### Requirement:
When a picture appears among the records, leave it out, and copy all else exactly.

========================

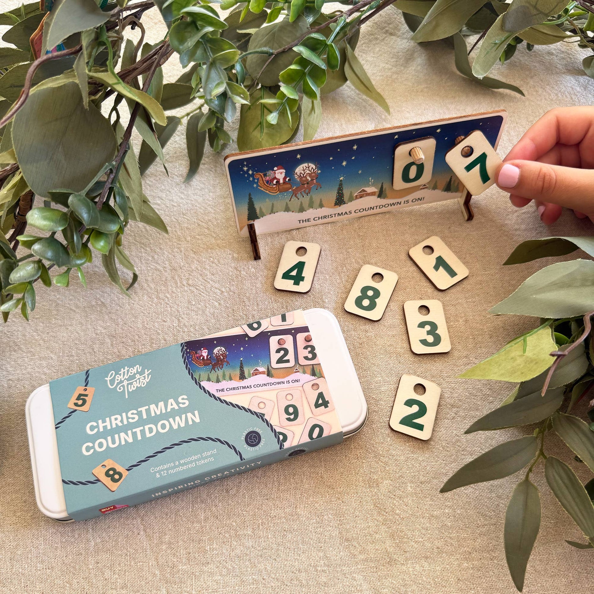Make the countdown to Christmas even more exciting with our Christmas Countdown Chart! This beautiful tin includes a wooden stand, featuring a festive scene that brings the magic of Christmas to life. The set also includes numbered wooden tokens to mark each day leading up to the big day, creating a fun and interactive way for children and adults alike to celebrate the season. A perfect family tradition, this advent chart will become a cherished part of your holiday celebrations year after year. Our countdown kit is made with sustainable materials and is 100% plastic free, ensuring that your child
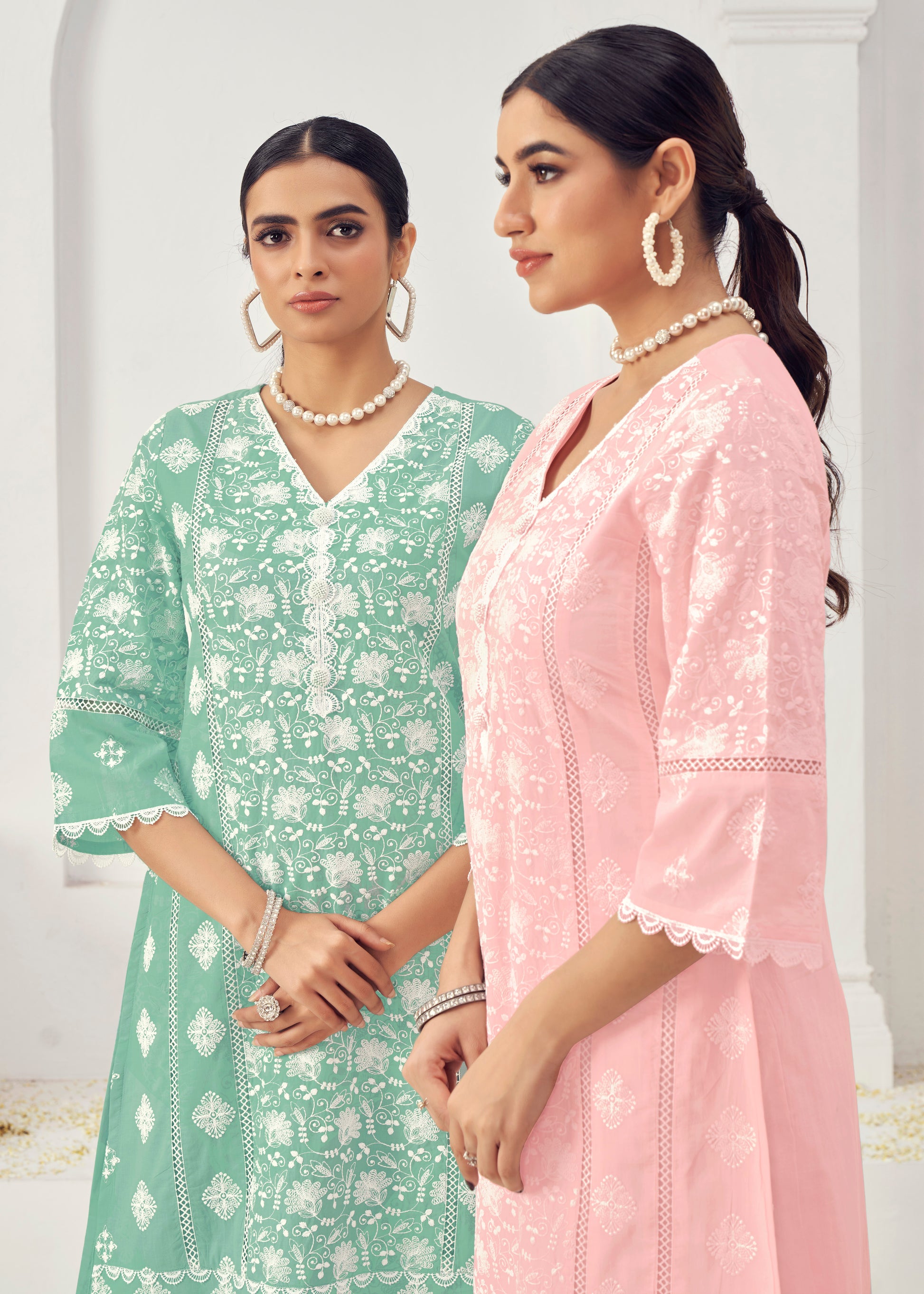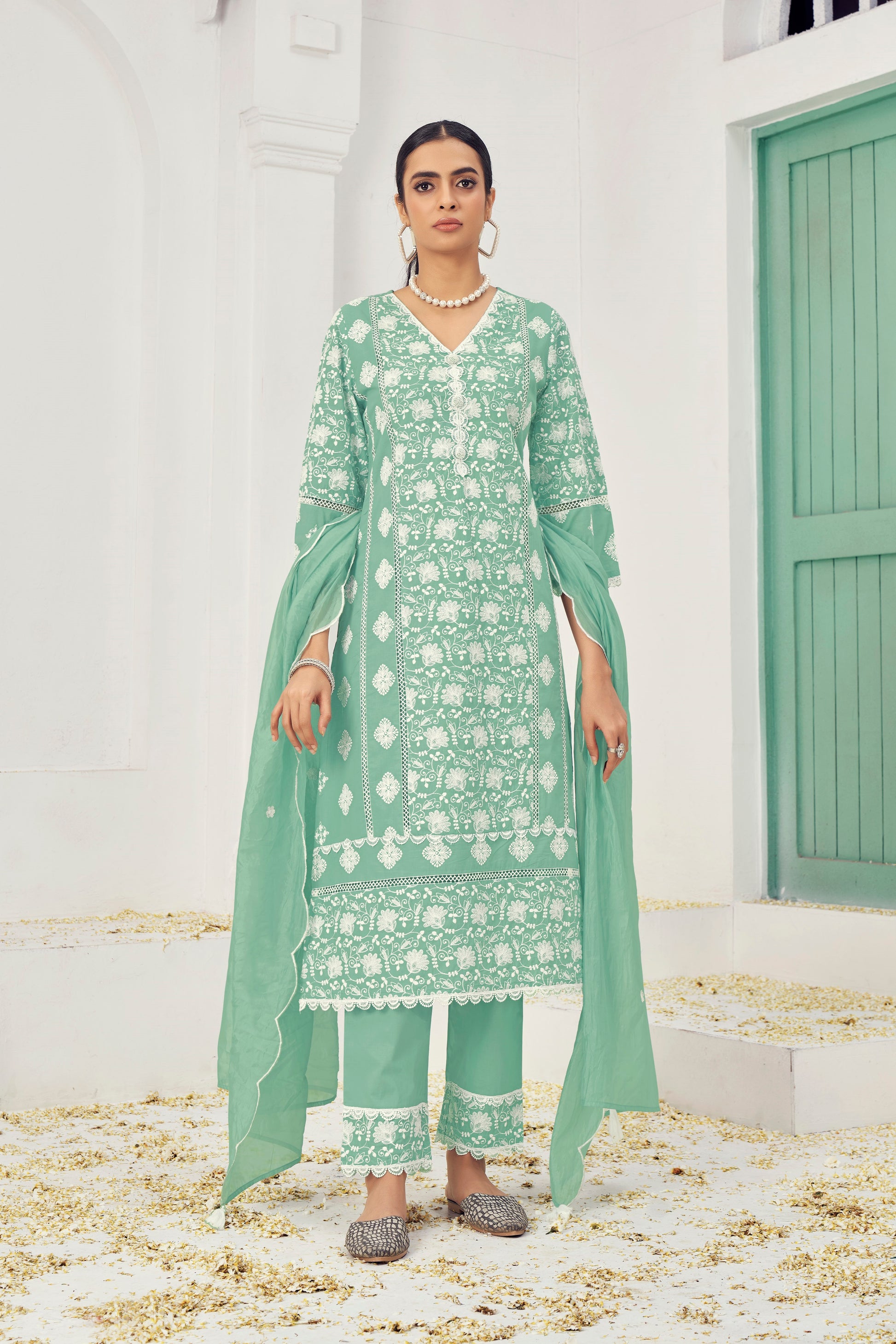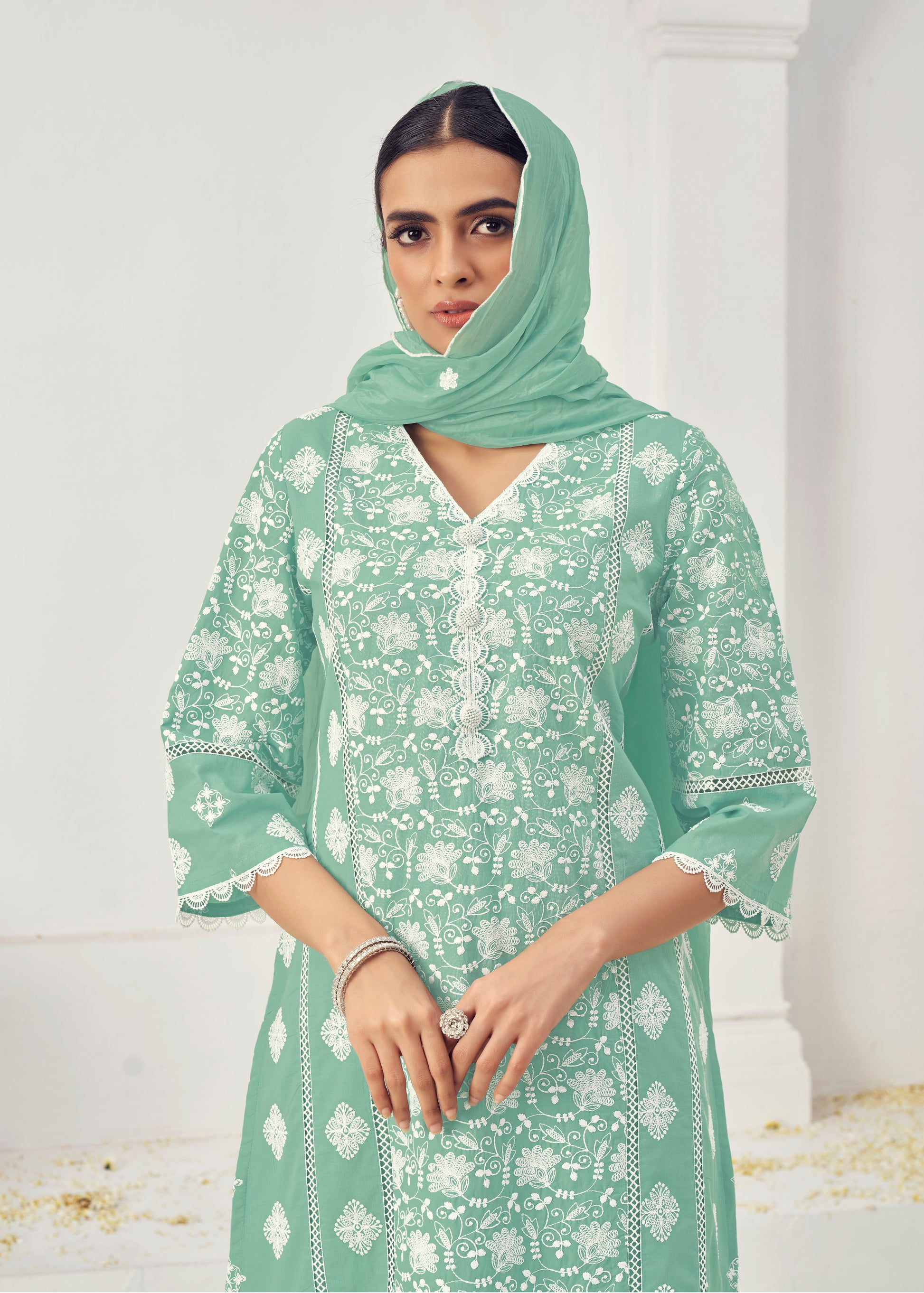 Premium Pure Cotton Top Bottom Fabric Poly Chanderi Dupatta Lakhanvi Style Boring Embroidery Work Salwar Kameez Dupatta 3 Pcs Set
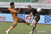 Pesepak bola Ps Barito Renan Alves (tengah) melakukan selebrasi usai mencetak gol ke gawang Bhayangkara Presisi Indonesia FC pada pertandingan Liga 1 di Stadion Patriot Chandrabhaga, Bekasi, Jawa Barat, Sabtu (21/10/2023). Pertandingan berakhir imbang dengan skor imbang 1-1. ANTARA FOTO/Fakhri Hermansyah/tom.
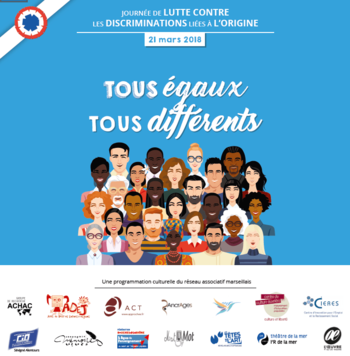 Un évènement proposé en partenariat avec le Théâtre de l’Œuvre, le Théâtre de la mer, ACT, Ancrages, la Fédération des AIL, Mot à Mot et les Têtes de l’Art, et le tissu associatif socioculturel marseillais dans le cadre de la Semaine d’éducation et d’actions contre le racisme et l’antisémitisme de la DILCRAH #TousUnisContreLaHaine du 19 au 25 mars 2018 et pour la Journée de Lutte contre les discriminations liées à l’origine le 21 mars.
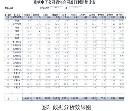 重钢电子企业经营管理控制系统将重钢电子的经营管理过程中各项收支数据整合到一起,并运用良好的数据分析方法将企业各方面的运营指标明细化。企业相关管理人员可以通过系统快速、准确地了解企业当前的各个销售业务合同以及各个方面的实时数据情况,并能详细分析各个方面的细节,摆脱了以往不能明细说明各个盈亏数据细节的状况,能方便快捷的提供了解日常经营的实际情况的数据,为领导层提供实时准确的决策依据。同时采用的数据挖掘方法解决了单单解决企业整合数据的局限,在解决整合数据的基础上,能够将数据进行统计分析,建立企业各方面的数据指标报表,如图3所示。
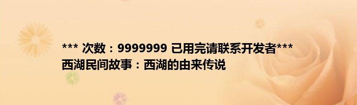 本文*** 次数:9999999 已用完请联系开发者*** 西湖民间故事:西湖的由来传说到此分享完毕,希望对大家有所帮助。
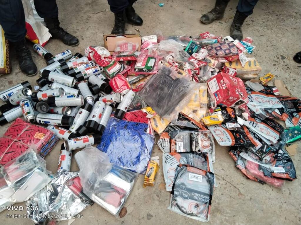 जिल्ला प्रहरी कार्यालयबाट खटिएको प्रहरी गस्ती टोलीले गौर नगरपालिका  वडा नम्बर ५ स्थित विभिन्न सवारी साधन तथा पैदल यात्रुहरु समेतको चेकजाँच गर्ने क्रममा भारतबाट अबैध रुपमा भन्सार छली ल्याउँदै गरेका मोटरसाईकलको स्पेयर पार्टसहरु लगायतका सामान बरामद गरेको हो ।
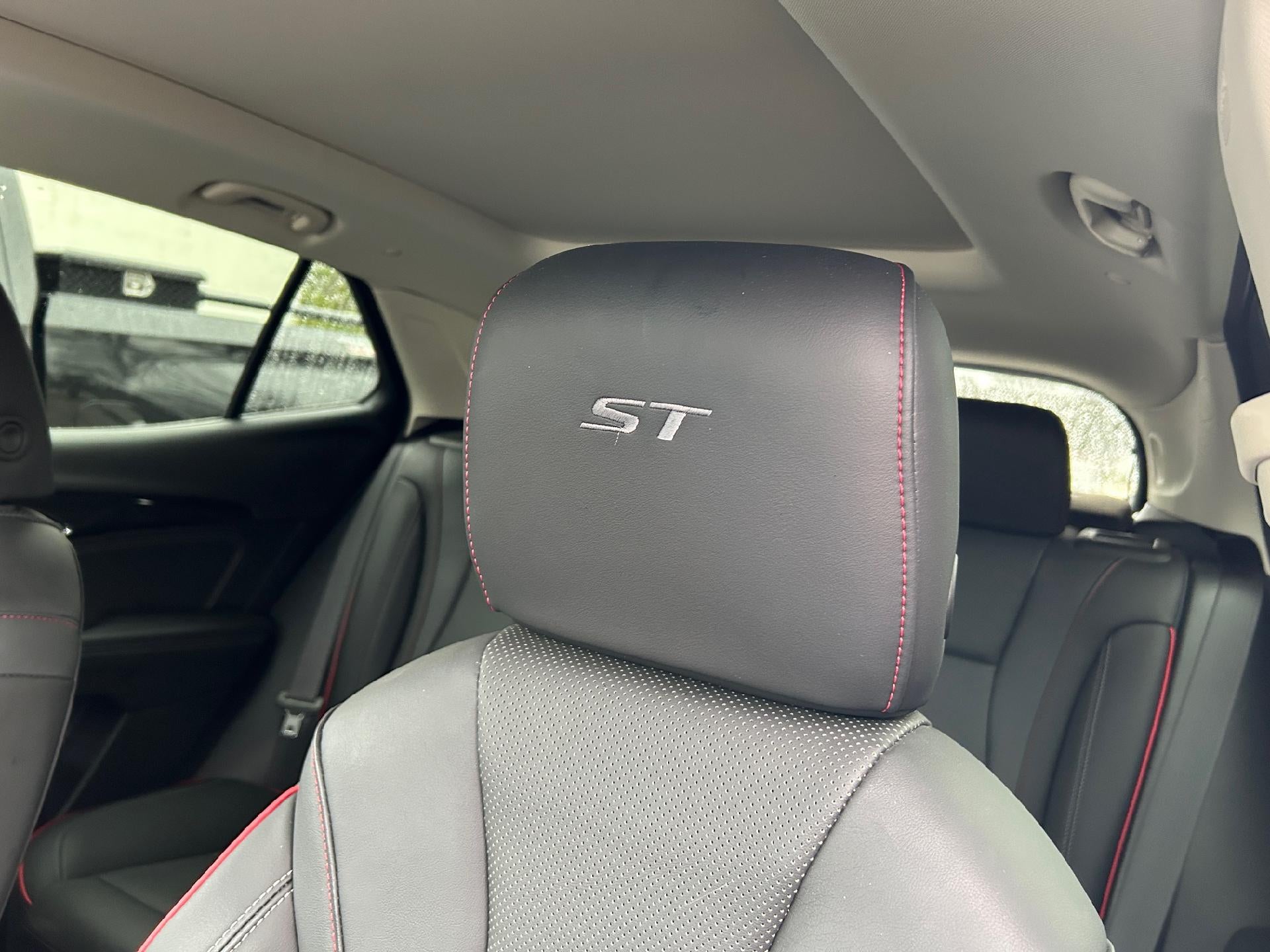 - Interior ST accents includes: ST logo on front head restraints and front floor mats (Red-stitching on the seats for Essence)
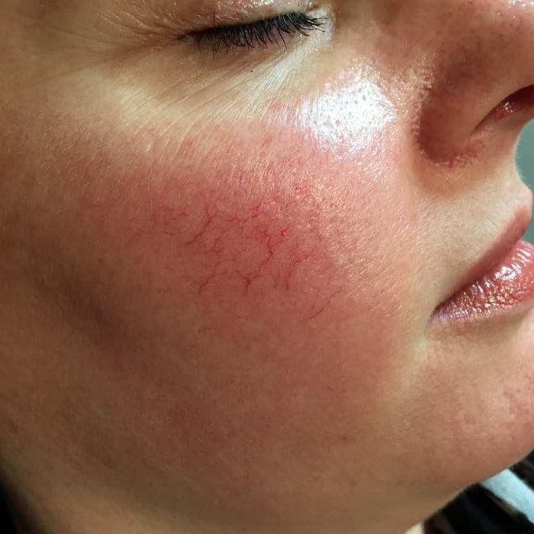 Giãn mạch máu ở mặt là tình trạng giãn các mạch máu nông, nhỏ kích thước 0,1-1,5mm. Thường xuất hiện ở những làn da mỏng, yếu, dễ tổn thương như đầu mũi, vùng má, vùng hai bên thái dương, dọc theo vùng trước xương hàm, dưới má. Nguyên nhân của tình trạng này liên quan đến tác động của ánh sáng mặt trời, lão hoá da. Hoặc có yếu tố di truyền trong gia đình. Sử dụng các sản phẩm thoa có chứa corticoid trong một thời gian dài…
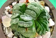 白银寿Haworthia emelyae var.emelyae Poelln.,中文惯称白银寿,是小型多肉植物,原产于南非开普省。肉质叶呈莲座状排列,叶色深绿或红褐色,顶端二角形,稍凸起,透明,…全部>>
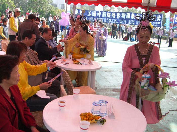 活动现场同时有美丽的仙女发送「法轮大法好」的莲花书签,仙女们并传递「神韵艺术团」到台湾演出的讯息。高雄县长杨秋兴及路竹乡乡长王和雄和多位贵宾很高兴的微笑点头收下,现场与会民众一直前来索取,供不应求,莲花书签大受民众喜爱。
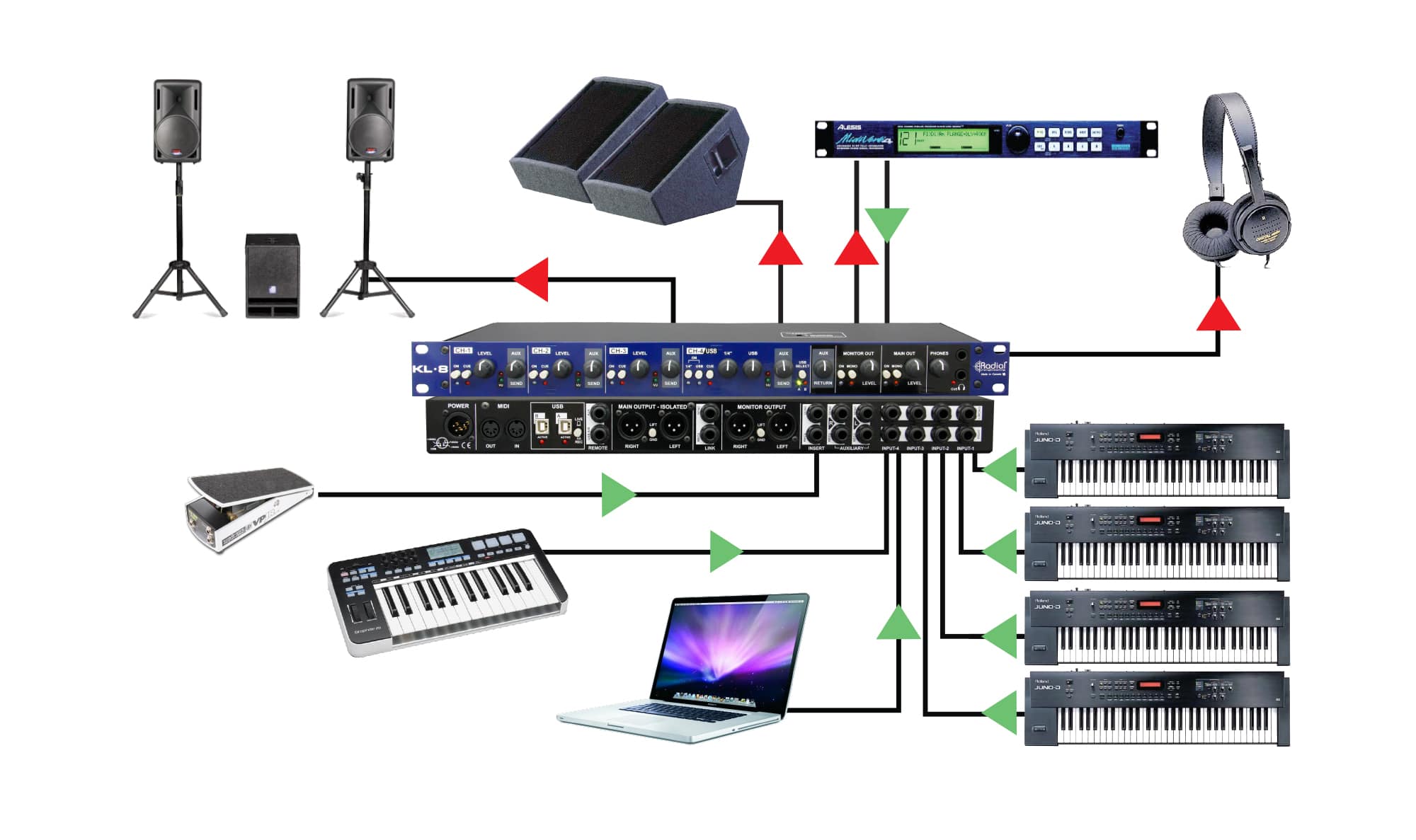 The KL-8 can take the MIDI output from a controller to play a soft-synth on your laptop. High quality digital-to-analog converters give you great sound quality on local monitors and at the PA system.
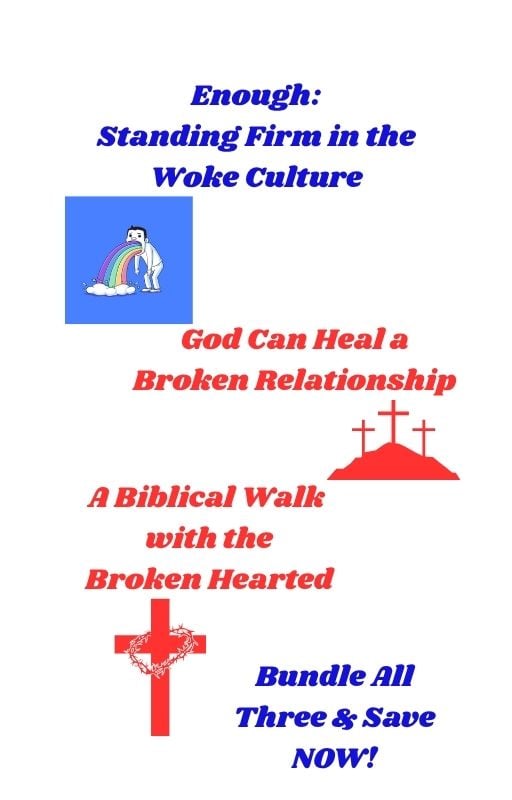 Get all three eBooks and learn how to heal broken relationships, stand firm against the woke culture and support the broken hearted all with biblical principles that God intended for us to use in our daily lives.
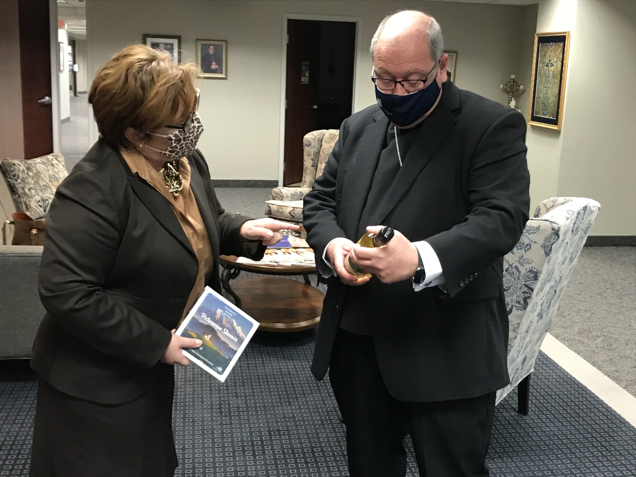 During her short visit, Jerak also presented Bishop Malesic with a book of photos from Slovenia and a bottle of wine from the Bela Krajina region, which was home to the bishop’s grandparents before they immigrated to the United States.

========================

### Response:
Make the countdown to Christmas even more exciting with our Christmas Countdown Chart! This beautiful tin includes a wooden stand, featuring a festive scene that brings the magic of Christmas to life. The set also includes numbered wooden tokens to mark each day leading up to the big day, creating a fun and interactive way for children and adults alike to celebrate the season. A perfect family tradition, this advent chart will become a cherished part of your holiday celebrations year after year. Our countdown kit is made with sustainable materials and is 100% plastic free, ensuring that your child
 Premium Pure Cotton Top Bottom Fabric Poly Chanderi Dupatta Lakhanvi Style Boring Embroidery Work Salwar Kameez Dupatta 3 Pcs Set
 Pesepak bola Ps Barito Renan Alves (tengah) melakukan selebrasi usai mencetak gol ke gawang Bhayangkara Presisi Indonesia FC pada pertandingan Liga 1 di Stadion Patriot Chandrabhaga, Bekasi, Jawa Barat, Sabtu (21/10/2023). Pertandingan berakhir imbang dengan skor imbang 1-1. ANTARA FOTO/Fakhri Hermansyah/tom.
 Un évènement proposé en partenariat avec le Théâtre de l’Œuvre, le Théâtre de la mer, ACT, Ancrages, la Fédération des AIL, Mot à Mot et les Têtes de l’Art, et le tissu associatif socioculturel marseillais dans le cadre de la Semaine d’éducation et d’actions contre le racisme et l’antisémitisme de la DILCRAH #TousUnisContreLaHaine du 19 au 25 mars 2018 et pour la Journée de Lutte contre les discriminations liées à l’origine le 21 mars.
 重钢电子企业经营管理控制系统将重钢电子的经营管理过程中各项收支数据整合到一起,并运用良好的数据分析方法将企业各方面的运营指标明细化。企业相关管理人员可以通过系统快速、准确地了解企业当前的各个销售业务合同以及各个方面的实时数据情况,并能详细分析各个方面的细节,摆脱了以往不能明细说明各个盈亏数据细节的状况,能方便快捷的提供了解日常经营的实际情况的数据,为领导层提供实时准确的决策依据。同时采用的数据挖掘方法解决了单单解决企业整合数据的局限,在解决整合数据的基础上,能够将数据进行统计分析,建立企业各方面的数据指标报表,如图3所示。
 本文*** 次数:9999999 已用完请联系开发者*** 西湖民间故事:西湖的由来传说到此分享完毕,希望对大家有所帮助。
 जिल्ला प्रहरी कार्यालयबाट खटिएको प्रहरी गस्ती टोलीले गौर नगरपालिका  वडा नम्बर ५ स्थित विभिन्न सवारी साधन तथा पैदल यात्रुहरु समेतको चेकजाँच गर्ने क्रममा भारतबाट अबैध रुपमा भन्सार छली ल्याउँदै गरेका मोटरसाईकलको स्पेयर पार्टसहरु लगायतका सामान बरामद गरेको हो ।
 - Interior ST accents includes: ST logo on front head restraints and front floor mats (Red-stitching on the seats for Essence)
 Giãn mạch máu ở mặt là tình trạng giãn các mạch máu nông, nhỏ kích thước 0,1-1,5mm. Thường xuất hiện ở những làn da mỏng, yếu, dễ tổn thương như đầu mũi, vùng má, vùng hai bên thái dương, dọc theo vùng trước xương hàm, dưới má. Nguyên nhân của tình trạng này liên quan đến tác động của ánh sáng mặt trời, lão hoá da. Hoặc có yếu tố di truyền trong gia đình. Sử dụng các sản phẩm thoa có chứa corticoid trong một thời gian dài…
 白银寿Haworthia emelyae var.emelyae Poelln.,中文惯称白银寿,是小型多肉植物,原产于南非开普省。肉质叶呈莲座状排列,叶色深绿或红褐色,顶端二角形,稍凸起,透明,…全部>>
 活动现场同时有美丽的仙女发送「法轮大法好」的莲花书签,仙女们并传递「神韵艺术团」到台湾演出的讯息。高雄县长杨秋兴及路竹乡乡长王和雄和多位贵宾很高兴的微笑点头收下,现场与会民众一直前来索取,供不应求,莲花书签大受民众喜爱。
 The KL-8 can take the MIDI output from a controller to play a soft-synth on your laptop. High quality digital-to-analog converters give you great sound quality on local monitors and at the PA system.
 Get all three eBooks and learn how to heal broken relationships, stand firm against the woke culture and support the broken hearted all with biblical principles that God intended for us to use in our daily lives.
 During her short visit, Jerak also presented Bishop Malesic with a book of photos from Slovenia and a bottle of wine from the Bela Krajina region, which was home to the bishop’s grandparents before they immigrated to the United States.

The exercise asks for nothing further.